Sunday 18 October 2009

I Like Trains @ King Tut's 17/10/09

When post-rock was very much the in thing a few years ago, when being a student automatically meant you to listened to Explosions in the Sky, when even Hollywood movies mentioned GY!BE, not many bands took that lush atmosphere sound and added prominent vocals to much success. I Like Trains, then iLiKETRAiNS, emergence in 2005 then proved a blissful rarity as they produced this familiarly ambitious soundscape working superbly with vocalist Dave Martin’s moody emotive words. Tonight the Leeds based four-piece play to an appreciative Tut’s audience that has been brimming over with anticipation for the treat in store.

Support tonight comes in three very different forms: Firstly Glasgow duo Holy Mountain assault the ears of the crowd with their brand of high energy, hairy yet superbly entertaining hardcore. Then it is the turn of Norfolk’s indie pop darlings The Kabeebies who deliver delightful pop tunes which would not look out of place in a Los Campesinos! set. Last on before ILT, is Nottingham’s experimentalists Swimming who work through a set of very diverse tracks without nailing a specific sound that may take them a step further.

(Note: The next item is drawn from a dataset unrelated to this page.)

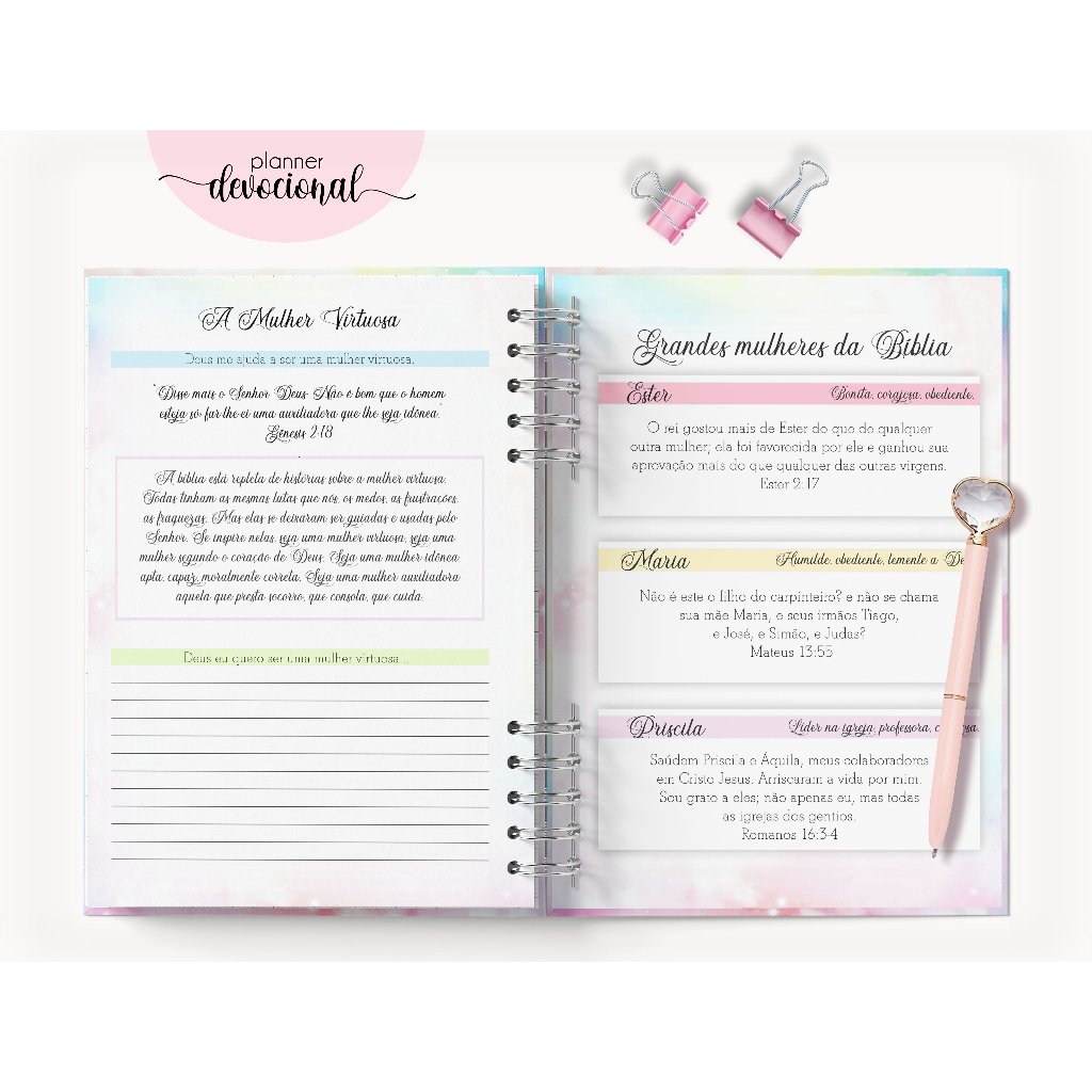 Caderno Devocional Tamanho A5 (15,5x21,5cm) Total de Folhas:100folhas 200 paginas ENVIO EM DIAS ÚTEIS Capa Dura - Laminada com BOPP Laminação com brilho, caso queira com o nome a ser personalizado mandar pelo chat IMEDIATAMENTE A laminação é uma película protetora aplicada à capa para que esta possa ser limpa com pano úmido e se torne resistente a gotículas de água. Encadernação Wire-o Branco. Normalmente mandamos o Wire-o dividido, como na foto. - NÃO INCLUI NENHUM ITEM A MAIS, SOMENTE O CADERNO DEVOCIONAL Após concluir sua compra vc deve informar no chat o nome para personalização da capa. Caso o nome não seja informado, capa ira sem o nome.

As ILT take the stage and the smoke rises around them there is an overwhelming awe coming from the crowd. ILT’s audience loves them and it hard to see how anyone could not as they watch gob smacked as the band drive through a set of strong yet emotively brilliant tracks. It is difficult to watch ILT without a quick mention of local boys The Twilight Sad who also produce that epically strong sound with outstanding, moving vocals and the audience reception ILT receive is comparable in so ways to that which you would find at a TS gig.

Almost an hour into the set, as ILT announces they are playing their last song, almost the first sound is heard from the silently admiring audience. You can safely say that not one person in that room wanted the show to end there. There’s quite possibly some poetic irony in the fact that no one cares that I Like Trains are actually responsible for people missing trains, me for one. Still the sets closer ‘Spencer Perceval’, the standout from 2007’s ‘Elegies to Lessons Learnt’, is a fittingly perfect end to an engrossing set from start to finish. Even the slightly gimmicky train conductor jackets do not matter as this band has earned their rights to any such eccentrics.

New single, ‘Sea of Regrets’ was available to buy from Monday, and by the sound of the new tracks on show tonight we have an unmissable album to look forward to.